What is being asked ->
With images removed, return the whole listing exactly as written.

*** Dataset section ***

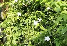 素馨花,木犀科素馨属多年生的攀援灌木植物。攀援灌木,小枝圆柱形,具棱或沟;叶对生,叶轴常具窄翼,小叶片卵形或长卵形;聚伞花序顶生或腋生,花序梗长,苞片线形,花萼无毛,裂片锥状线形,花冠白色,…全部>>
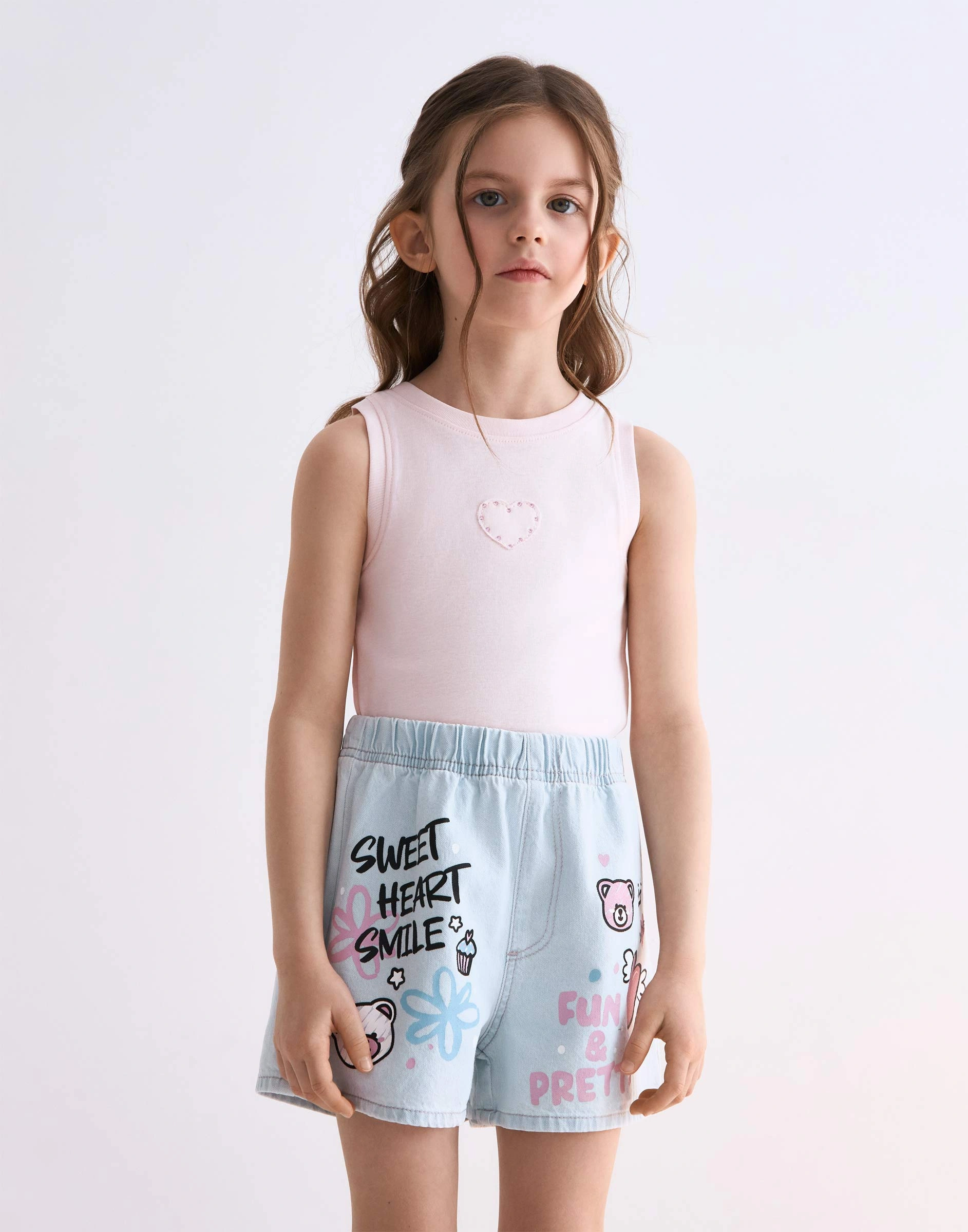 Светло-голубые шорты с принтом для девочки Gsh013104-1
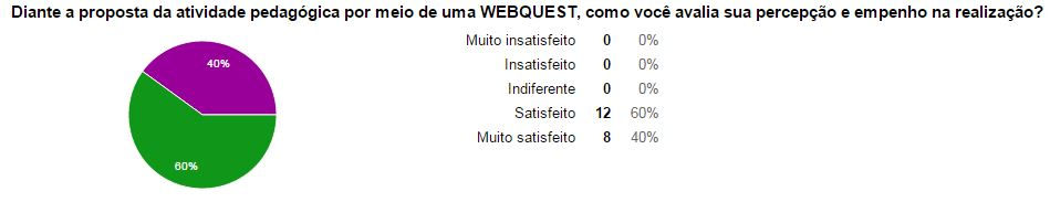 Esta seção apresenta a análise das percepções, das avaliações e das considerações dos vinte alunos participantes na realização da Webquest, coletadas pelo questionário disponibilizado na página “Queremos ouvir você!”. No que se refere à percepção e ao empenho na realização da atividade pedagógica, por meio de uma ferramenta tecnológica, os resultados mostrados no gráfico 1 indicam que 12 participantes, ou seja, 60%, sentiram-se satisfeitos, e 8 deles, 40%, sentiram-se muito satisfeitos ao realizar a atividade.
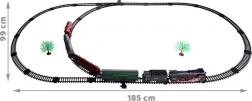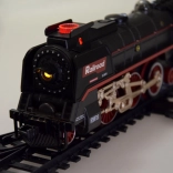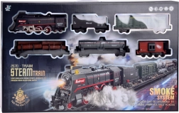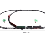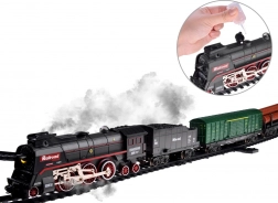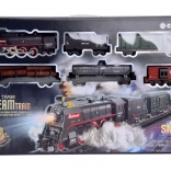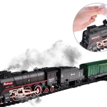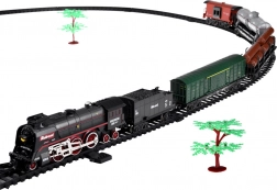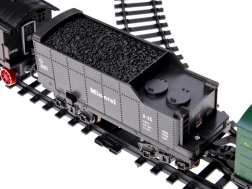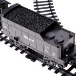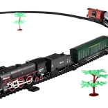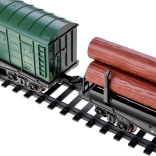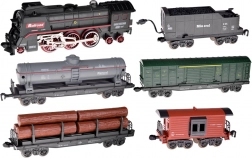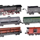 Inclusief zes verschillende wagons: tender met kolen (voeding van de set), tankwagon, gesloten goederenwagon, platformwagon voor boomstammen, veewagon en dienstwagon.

***

Exercise response ->
 素馨花,木犀科素馨属多年生的攀援灌木植物。攀援灌木,小枝圆柱形,具棱或沟;叶对生,叶轴常具窄翼,小叶片卵形或长卵形;聚伞花序顶生或腋生,花序梗长,苞片线形,花萼无毛,裂片锥状线形,花冠白色,…全部>>
 Светло-голубые шорты с принтом для девочки Gsh013104-1
 Esta seção apresenta a análise das percepções, das avaliações e das considerações dos vinte alunos participantes na realização da Webquest, coletadas pelo questionário disponibilizado na página “Queremos ouvir você!”. No que se refere à percepção e ao empenho na realização da atividade pedagógica, por meio de uma ferramenta tecnológica, os resultados mostrados no gráfico 1 indicam que 12 participantes, ou seja, 60%, sentiram-se satisfeitos, e 8 deles, 40%, sentiram-se muito satisfeitos ao realizar a atividade.
 Inclusief zes verschillende wagons: tender met kolen (voeding van de set), tankwagon, gesloten goederenwagon, platformwagon voor boomstammen, veewagon en dienstwagon.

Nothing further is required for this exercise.